Sie stieg aus und schaute sich suchend um, konnte ihn aber nirgends entdecken. Erst als sie durchs Haus gegangen war und aus der Küchentür trat, sah sie ihn: Er stand unten im Garten und inspizierte das Grundstück.
»Richard?«
Ihr Exmann drehte sich zu ihr um, als sie auf ihn zuging. Es war fünf Monate her, dass sie ihn zuletzt gesehen hatte. Er sah fitter und schlanker aus, und seine Haut war noch tiefer gebräunt. Es tat weh, zu sehen, wie gut die Scheidung ihm ganz offensichtlich getan hatte. Oder lag es daran, dass sie so viel Zeit in exklusiven Countryclubs verbrachten, er und seine Tiffani mit »i«?
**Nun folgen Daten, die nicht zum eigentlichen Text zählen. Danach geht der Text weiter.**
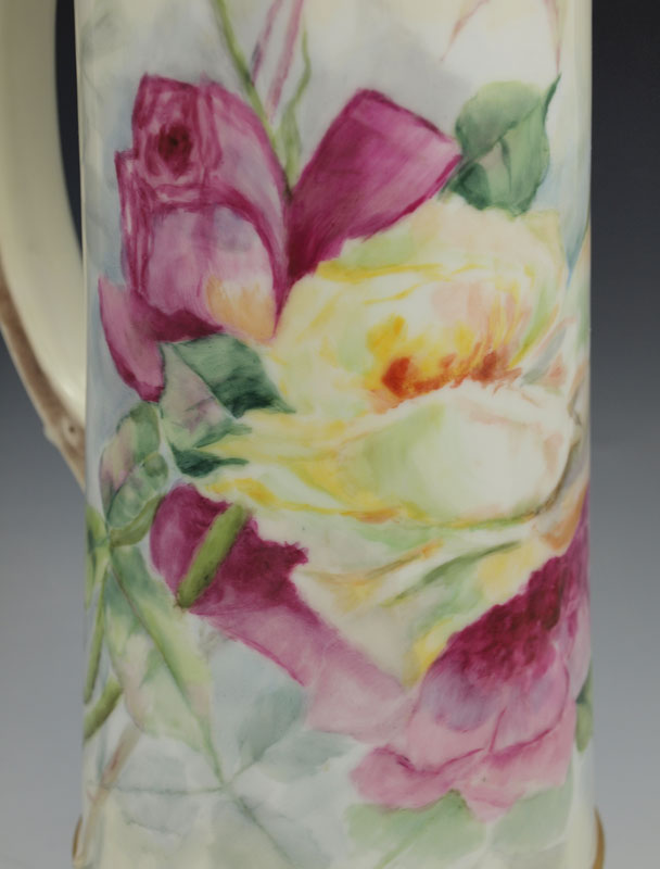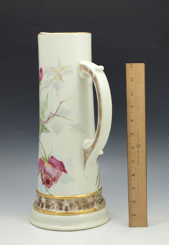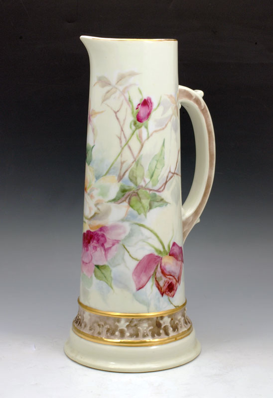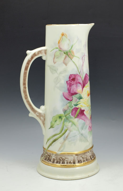 A TALL ROSE DECORATED FRENCH LIMOGES PITCHER: Ca. 1892-1907, Tresseman & Vogt. Hand painted roses. 14 1/2''h.

»Ich habe versucht, dich anzurufen, aber du gehst ja nie ran«, sagte er. »Ich dachte, vielleicht willst du ja nicht mit mir telefonieren.«
»Ich war übers Wochenende in Maine.«
Es fragte gar nicht erst nach dem Grund; nichts, was sie tat, interessierte ihn wirklich. Stattdessen deutete er auf den unkrautüberwucherten Garten. »Nettes Grundstück. Da könntest du eine Menge draus machen. Es ist sogar Platz für einen Pool.«
»Ich kann mir keinen Swimmingpool leisten.«
»Dann eben eine Sonnenterrasse. Du musst nur das ganze Gestrüpp da unten am Bach rausreißen.«
»Richard, warum bist du hier?«
»Ich war zufällig in der Nähe. Da dachte ich mir, ich schau mal vorbei und seh mir dein neues Zuhause an.«
»Tja, mehr gibt es da nicht zu sehen.«
»Das Haus sieht aus, als müsste man noch einiges dran machen.«
»Ich richte es nach und nach her.«
»Wer hilft dir dabei?«
»Niemand«, antwortete sie mit stolz emporgerecktem Kinn. »Ich habe die Badezimmerfliesen selbst verlegt.«
Wieder schien er nicht einmal zu registrieren, was sie gesagt hatte. Es war eines ihrer üblichen Einbahn-Gespräche. Beide redeten, aber sie war die Einzige, die zuhörte. Erst jetzt wurde ihr das bewusst.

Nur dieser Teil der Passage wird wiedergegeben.